On a recent episode of NBC's hopefully-not-cancelled almost hit show "Community", a professor who spent the last few decades in maximum security prison poses a very important question to his class. "What happened with Legos?" he asks. "They used to be simple. Something happened here when I was inside. Harry Potter Legos, Star Wars Legos--complicated kits, tiny little blocks. I'm not saying it's bad, I just want to know what happened."
While no one outside of Denmark may ever truly know the terrifying secret behind Legos' ever-increasing complexity, we agree that it's not necessarily a bad thing. Take, for example, what happened in San Francisco's Union Square over the past weekend.
Setting up shop inside one of the city's most iconic public spaces, a team of Lego Master Builders enlisted the help of thousands of San Franciscans, not to mention throngs of assembled tourists, to break the world record for building the largest Lego Santa Yoda of all time.

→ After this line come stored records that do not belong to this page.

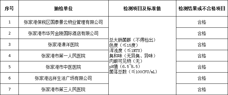 近日,市衛生監督所對部分二次供水進行了第二季度隨機抽檢,共采集7家單位樣品7份,按照GB5749-2022《生活飲用水衛生標準》,委托市疾病預防控制中心對總大腸菌群、色度、渾濁度、臭和味、肉眼可見物、pH值、菌落總數等項目進行了檢測。經檢測,7家單位所檢項目全部合格,合格率為100%。現將具體檢測結果情況公告如下: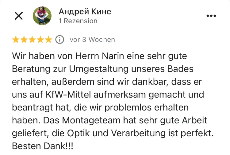 Um Ihnen ein maßgeschneidertes und verlässliches Angebot erstellen zu können, benötigen wir die Aufmaße zu Ihrem aktuellen Bad, Ihren genauen Standort und Ihre individuellen Wünsche.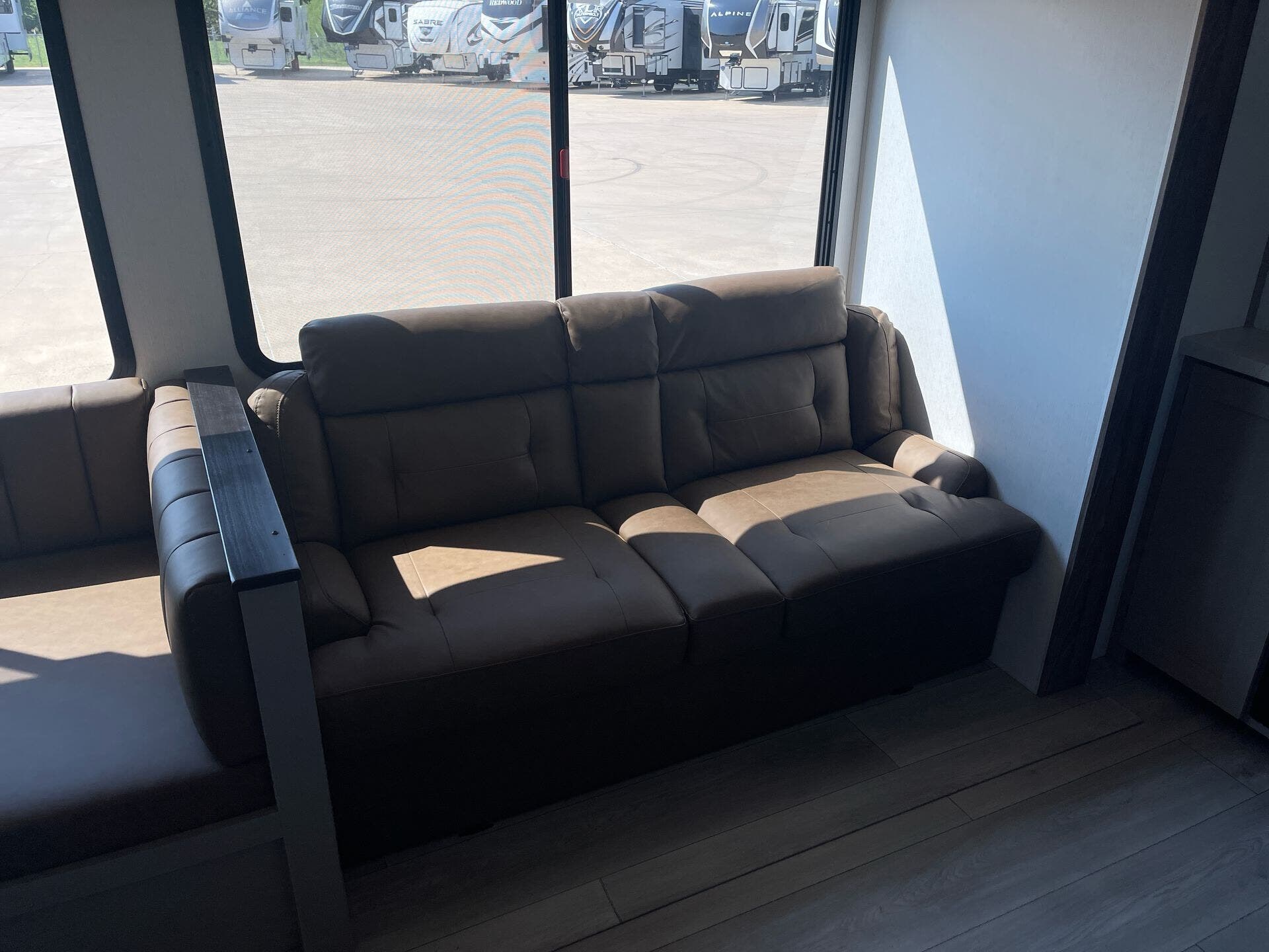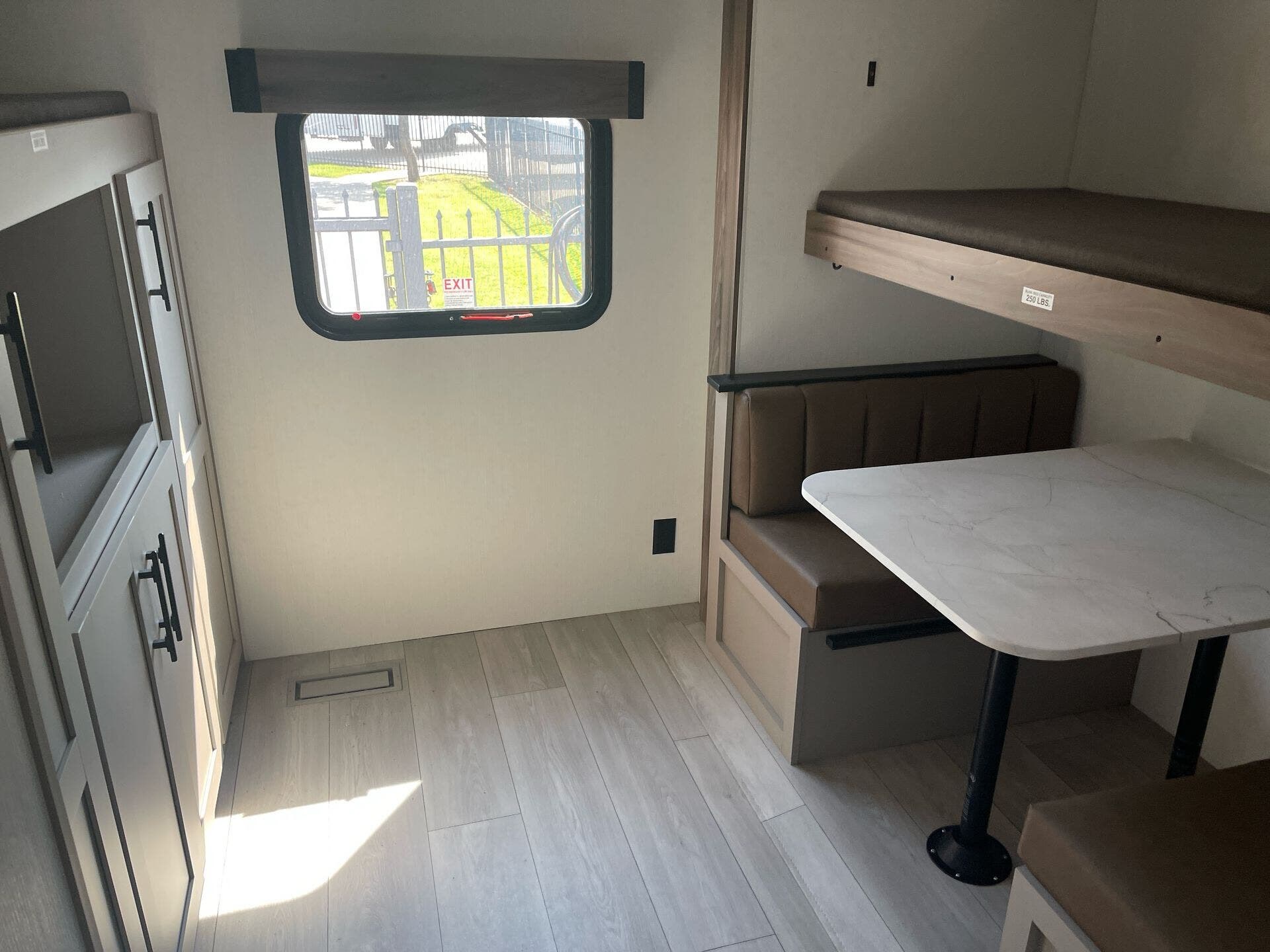 Inside, a rear bunkhouse offers dual bunks and a dinette with storage—ideal for kids or guests—while a private front bedroom features a walk-around queen bed, dual wardrobes, and a sliding door for privacy. In the center, the main living area opens up with a slide-out U-shaped dinette and a sofa, creating versatile space for dining, relaxing, or converting to extra sleeping spots.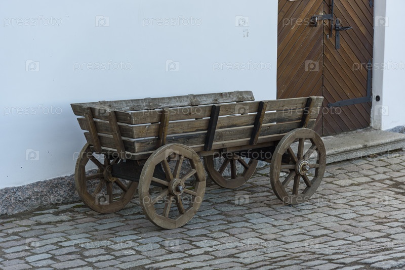 Старинная деревянная телега, поставленная рядом с дверью в деревенском стиле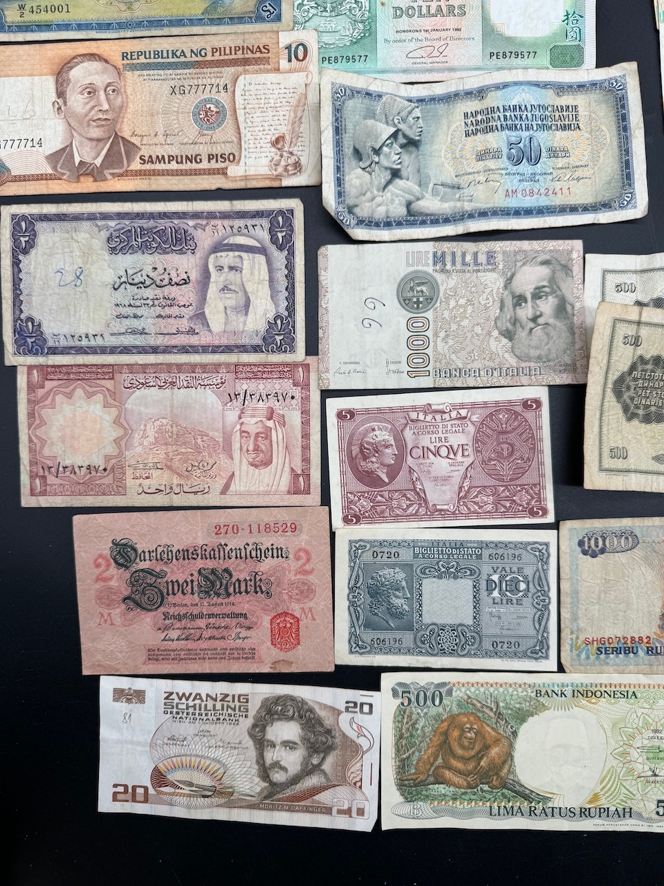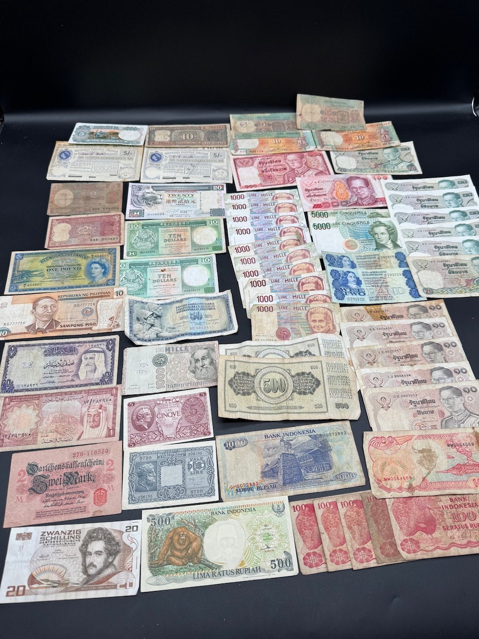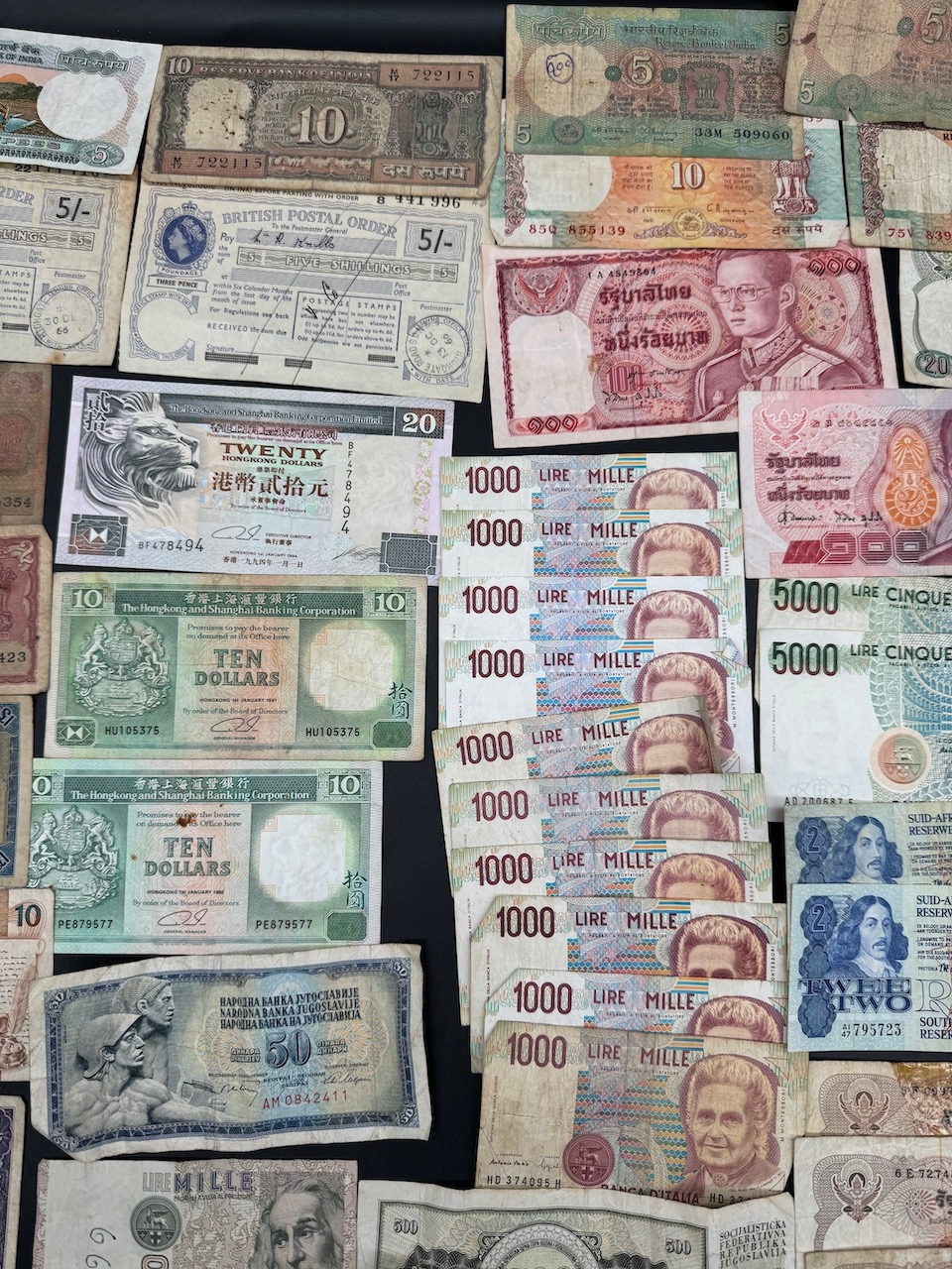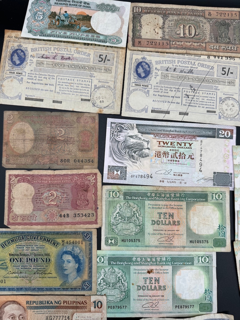 Large quantity of early to mid 20th century World bank notes / currency - including Hong Kong Dollars, British Postal Orders + assorted Asian Currency Notes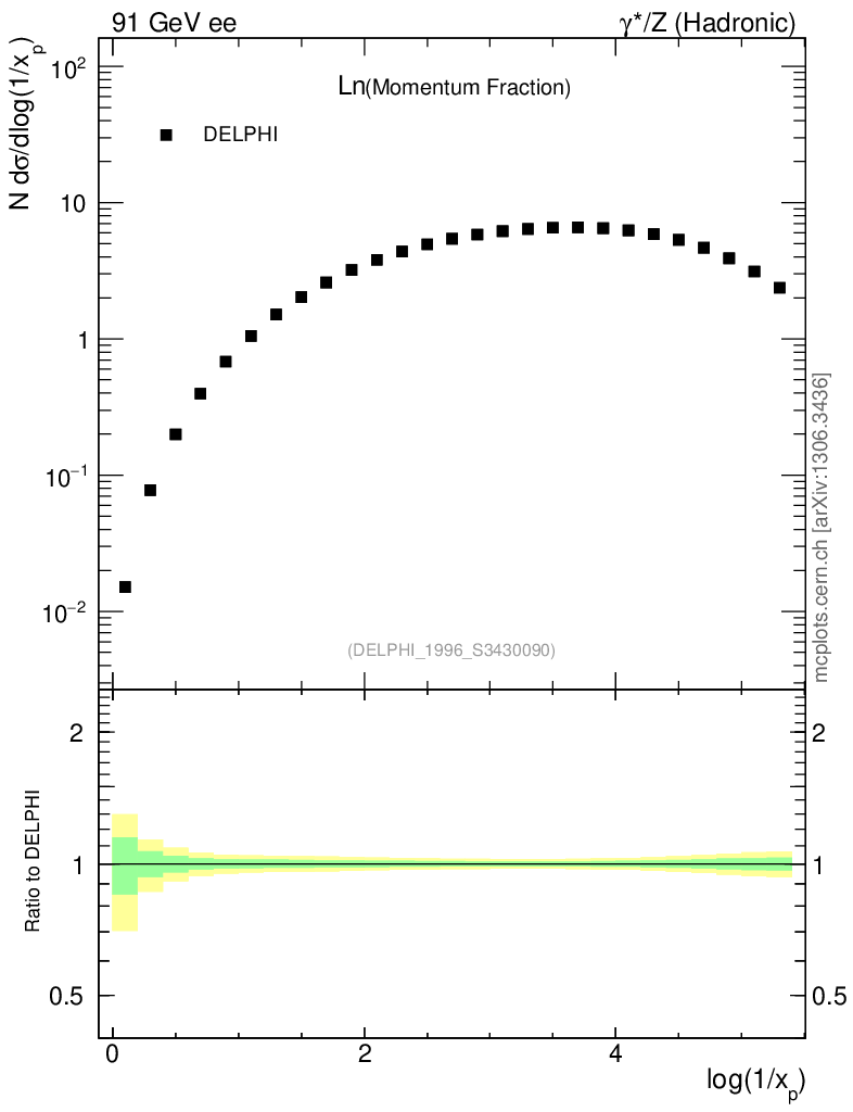ee : γ*/Z (hadronic) : Charged Particles : Ln(x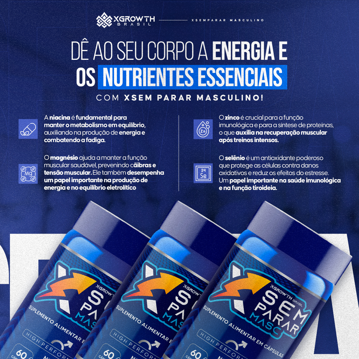 XSEM PARAR MASCULINO , desenvolvido com tecnologia de ponta pela XGROWTH BRASIL , é um suplemento de alta qualidade, com ingredientes cuidadosamente selecionados para proporcionar mais energia, resistência e equilíbrio ao corpo. Se você quer superar seus limites, aumentar sua disposição, foco, imunidade e ainda melhorar seu desempenho físico e mental, este é o suplemento que faltava na sua rotina!
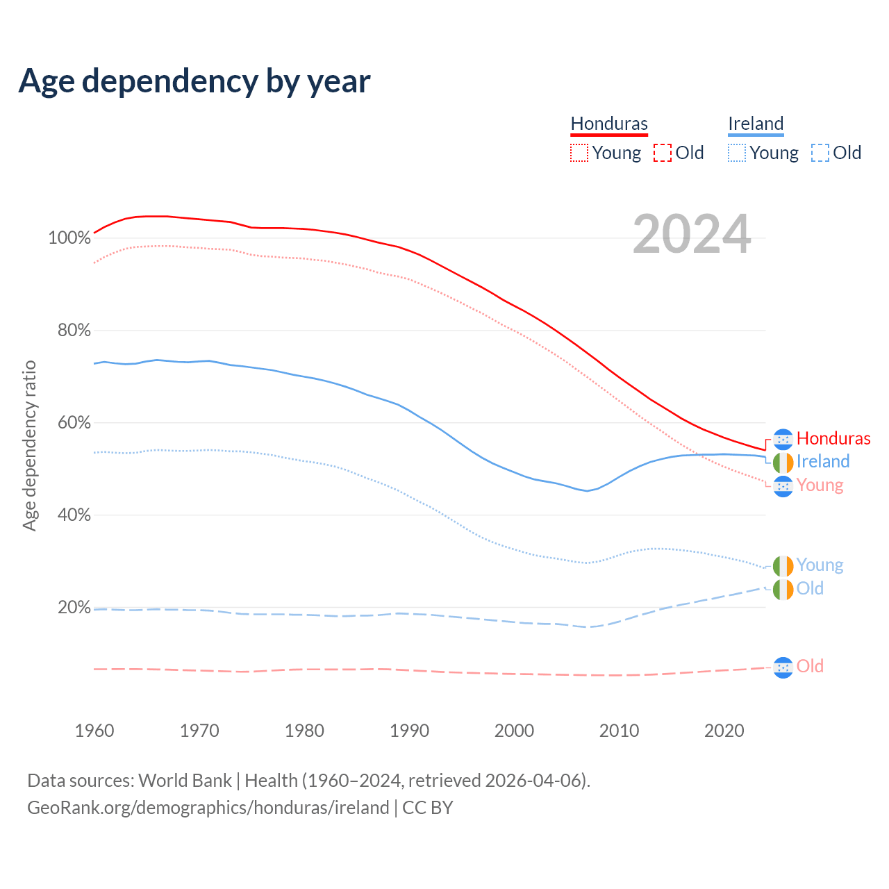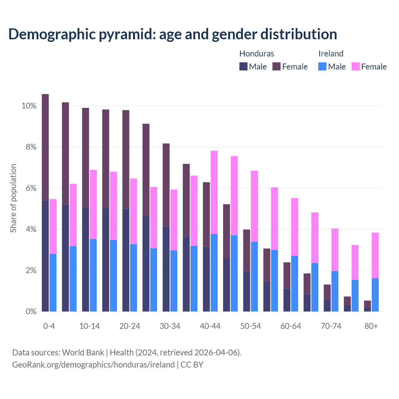 - The share of old-age demographic (65+) in Honduras is 4.42% vs 15.9% in Ireland.

The builders started construction on Friday, finished over the weekend and did the oh-so-satisfying job of smashing the structure back to its component parts on Monday morning.
The Yoda was there to serve two purposes: make another small contribution to erasing the memory of the "Star Wars Christmas Special" from our collective national consciousness and advertise LegoSantaYoda.com, a holiday website where people can create e-greeting cards to send to their friends and family. For each card sent out through the site, Lego will donate one new Lego toy to the U.S. Marine Corps' Toys For Tots program.
"Inspired by the collectible Santa Yoda mini-figure found in our Lego Star Wars Advent Calendar, we're excited to encourage anyone who loves the Lego or Star Wars brands to spread holiday cheer for such a timely and deserving organization," said Lego Brand Director Michael McNally.